The mechanism of the J-curve is counterintuitive. During the early adoption phase, organizations divert labor and capital from activities that would have produced measurable output under the old paradigm toward activities — training, process redesign, organizational restructuring — that produce intangible capital. The intangible capital does not appear in productivity statistics. The diverted resources do. The result is a period during which the economy appears to be investing enormous resources and getting nothing in return, when in fact it is building the infrastructure on which future gains depend.
The electric motor transition provides the cleanest historical validation. When American factories adopted electric motors in the 1890s, measured manufacturing productivity declined relative to its pre-electrification trend. Factories were spending enormous sums on equipment, wiring, and production reorganization while producing no more output than before. The invisible investment was taking the form of organizational knowledge adapted to the new technology's capabilities. The productivity gains that materialized beginning around 1920 were so large they transformed American manufacturing — but they had been invisible for three decades, hidden in the J-curve's dip.
The depth and duration of the dip depend on three factors: the magnitude of complementary investments required, the speed at which organizations can make those investments, and the accuracy with which productivity statistics capture the gains once they materialize. AI ranks high on all three dimensions — it demands massive complementary investment, it evolves faster than institutional learning, and its gains are disproportionately intangible and therefore measurement-resistant.
The framework explains a phenomenon that puzzled observers in early 2026: the widening gap between organizations reporting transformative AI results and organizations reporting modest improvements from identical tools. The J-curve framework predicted exactly this pattern. Organizations that had made complementary investments — process redesign, skill development, workflow restructuring — lived on the far side of the curve. Organizations that had deployed AI without the complementary investments remained in the dip. Same technology, different positions on the curve.
The J-curve formalization emerged from Brynjolfsson's collaboration with Daniel Rock (then MIT Sloan, later University of Pennsylvania) and Chad Syverson (University of Chicago).
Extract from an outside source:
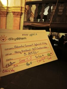 20. prosince, Kostel U Ježíška – Koncert kytarové třídy Aleny Kozákové, ZUŠ Chválenická – 1.493,- Kč (po vypsání šeku – viz foto, bylo přidáno ještě 100,- Kč).

Their 2021 paper in the American Economic Journal: Macroeconomics, titled The Productivity J-Curve: How Intangibles Complement General Purpose Technologies, built a formal model showing that general-purpose technologies systematically produce underestimated productivity growth in their early years and overestimated growth in their later years, as intangible capital is first built and then harvested.
The empirical validation at the firm level came in 2025 when Kristina McElheran, Mu-Jeung Yang, Brynjolfsson, and John Kroff published their study using U.S. Census micro-data. They found a J-curve pattern at the micro-level: the average effects of AI deployment were negative in the short run, followed by growth along multiple dimensions over time. The short-run losses varied by firm age and strategy, but the pattern was unmistakable — confirming the framework at the granular scale where investment decisions are actually made.
The shape is predictive. Transformative technologies systematically trace a J through productivity statistics — dip first, rise later — with the curve's geometry determined by complementary investments.
The dip is investment, not failure. What looks like technological disappointment is the visible signature of invisible capital formation.
Micro and macro validation. The pattern appears at both the firm level (in Census data) and the aggregate level (in productivity statistics across GPT transitions).
Three determinants of curve geometry. Magnitude of complementary investments, speed of organizational adaptation, and accuracy of output measurement.
Divergence during the dip. Organizations making complementary investments pull away from those that don't, producing widening variance in outcomes from identical technology.